*** Dataset excerpts ***

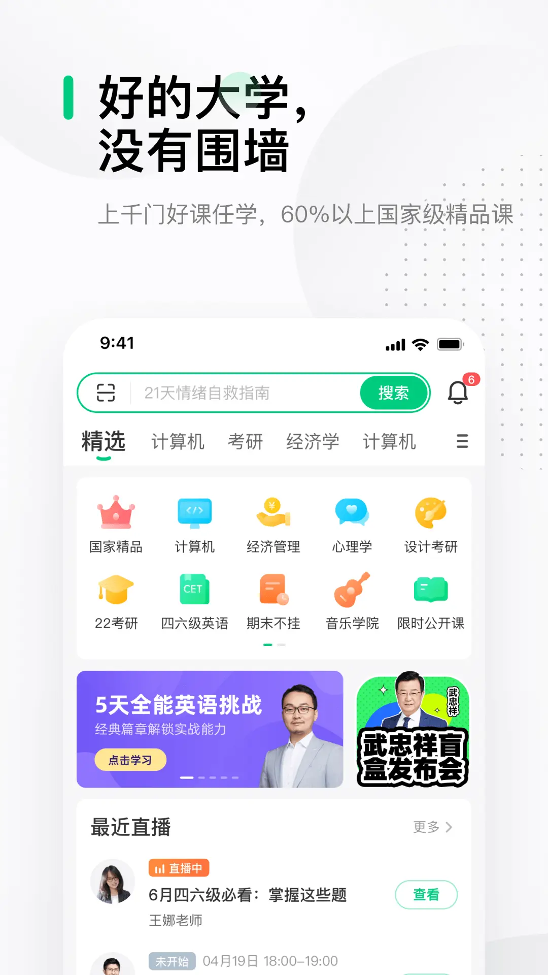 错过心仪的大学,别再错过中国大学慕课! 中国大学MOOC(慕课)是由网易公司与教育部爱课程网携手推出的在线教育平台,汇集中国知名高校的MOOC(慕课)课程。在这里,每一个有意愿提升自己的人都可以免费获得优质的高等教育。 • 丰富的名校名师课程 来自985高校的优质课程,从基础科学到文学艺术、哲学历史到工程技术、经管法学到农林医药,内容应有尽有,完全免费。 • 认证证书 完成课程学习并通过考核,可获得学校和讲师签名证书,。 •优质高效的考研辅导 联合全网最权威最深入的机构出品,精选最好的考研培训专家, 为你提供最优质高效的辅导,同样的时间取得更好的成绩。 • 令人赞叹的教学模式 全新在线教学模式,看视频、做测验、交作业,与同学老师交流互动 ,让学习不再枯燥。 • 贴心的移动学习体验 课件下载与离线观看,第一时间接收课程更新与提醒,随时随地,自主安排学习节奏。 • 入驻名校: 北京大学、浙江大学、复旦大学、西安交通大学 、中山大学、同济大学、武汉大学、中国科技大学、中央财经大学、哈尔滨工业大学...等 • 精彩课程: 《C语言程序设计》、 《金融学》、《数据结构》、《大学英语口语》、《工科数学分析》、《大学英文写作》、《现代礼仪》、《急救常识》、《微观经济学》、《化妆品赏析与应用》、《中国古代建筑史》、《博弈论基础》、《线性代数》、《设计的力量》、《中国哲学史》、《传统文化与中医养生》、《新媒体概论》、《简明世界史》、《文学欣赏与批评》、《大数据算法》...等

*** End of Dataset excerpts ***
*** Dataset excerpts ***

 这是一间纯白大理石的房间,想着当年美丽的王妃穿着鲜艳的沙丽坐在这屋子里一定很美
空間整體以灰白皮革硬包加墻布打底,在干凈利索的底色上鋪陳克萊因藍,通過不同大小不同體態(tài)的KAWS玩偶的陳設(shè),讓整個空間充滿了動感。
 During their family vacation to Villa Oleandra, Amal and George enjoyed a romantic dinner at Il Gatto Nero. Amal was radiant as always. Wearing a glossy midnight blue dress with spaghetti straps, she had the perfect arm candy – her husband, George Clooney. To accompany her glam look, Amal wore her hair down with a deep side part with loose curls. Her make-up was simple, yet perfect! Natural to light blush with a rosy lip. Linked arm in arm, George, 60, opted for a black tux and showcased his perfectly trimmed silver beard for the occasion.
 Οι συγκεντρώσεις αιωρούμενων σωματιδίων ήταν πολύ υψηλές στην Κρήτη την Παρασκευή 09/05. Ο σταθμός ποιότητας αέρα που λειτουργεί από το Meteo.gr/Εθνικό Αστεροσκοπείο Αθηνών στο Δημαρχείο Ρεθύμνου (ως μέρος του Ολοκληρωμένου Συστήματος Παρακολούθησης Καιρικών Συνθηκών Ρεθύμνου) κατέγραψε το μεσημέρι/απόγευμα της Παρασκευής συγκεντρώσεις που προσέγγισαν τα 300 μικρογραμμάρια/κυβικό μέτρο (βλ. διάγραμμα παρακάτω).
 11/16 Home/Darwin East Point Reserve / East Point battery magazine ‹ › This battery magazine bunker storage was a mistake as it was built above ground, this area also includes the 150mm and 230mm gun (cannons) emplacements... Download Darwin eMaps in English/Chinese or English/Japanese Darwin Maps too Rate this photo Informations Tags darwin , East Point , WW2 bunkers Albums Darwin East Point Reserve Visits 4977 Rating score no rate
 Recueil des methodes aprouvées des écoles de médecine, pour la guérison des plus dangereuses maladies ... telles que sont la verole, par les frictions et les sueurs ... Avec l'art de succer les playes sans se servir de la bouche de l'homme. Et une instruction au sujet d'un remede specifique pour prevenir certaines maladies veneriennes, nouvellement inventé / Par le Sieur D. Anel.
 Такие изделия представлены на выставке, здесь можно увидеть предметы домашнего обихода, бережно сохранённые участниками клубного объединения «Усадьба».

*** End of Dataset excerpts ***

Requirement.
Restate word for word the lines in the material above from the one with "During their family" to the one with "Такие изделия представлены"; both of those lines count, and nothing else does.

Task solution.
 During their family vacation to Villa Oleandra, Amal and George enjoyed a romantic dinner at Il Gatto Nero. Amal was radiant as always. Wearing a glossy midnight blue dress with spaghetti straps, she had the perfect arm candy – her husband, George Clooney. To accompany her glam look, Amal wore her hair down with a deep side part with loose curls. Her make-up was simple, yet perfect! Natural to light blush with a rosy lip. Linked arm in arm, George, 60, opted for a black tux and showcased his perfectly trimmed silver beard for the occasion.
 Οι συγκεντρώσεις αιωρούμενων σωματιδίων ήταν πολύ υψηλές στην Κρήτη την Παρασκευή 09/05. Ο σταθμός ποιότητας αέρα που λειτουργεί από το Meteo.gr/Εθνικό Αστεροσκοπείο Αθηνών στο Δημαρχείο Ρεθύμνου (ως μέρος του Ολοκληρωμένου Συστήματος Παρακολούθησης Καιρικών Συνθηκών Ρεθύμνου) κατέγραψε το μεσημέρι/απόγευμα της Παρασκευής συγκεντρώσεις που προσέγγισαν τα 300 μικρογραμμάρια/κυβικό μέτρο (βλ. διάγραμμα παρακάτω).
 11/16 Home/Darwin East Point Reserve / East Point battery magazine ‹ › This battery magazine bunker storage was a mistake as it was built above ground, this area also includes the 150mm and 230mm gun (cannons) emplacements... Download Darwin eMaps in English/Chinese or English/Japanese Darwin Maps too Rate this photo Informations Tags darwin , East Point , WW2 bunkers Albums Darwin East Point Reserve Visits 4977 Rating score no rate
 Recueil des methodes aprouvées des écoles de médecine, pour la guérison des plus dangereuses maladies ... telles que sont la verole, par les frictions et les sueurs ... Avec l'art de succer les playes sans se servir de la bouche de l'homme. Et une instruction au sujet d'un remede specifique pour prevenir certaines maladies veneriennes, nouvellement inventé / Par le Sieur D. Anel.
 Такие изделия представлены на выставке, здесь можно увидеть предметы домашнего обихода, бережно сохранённые участниками клубного объединения «Усадьба».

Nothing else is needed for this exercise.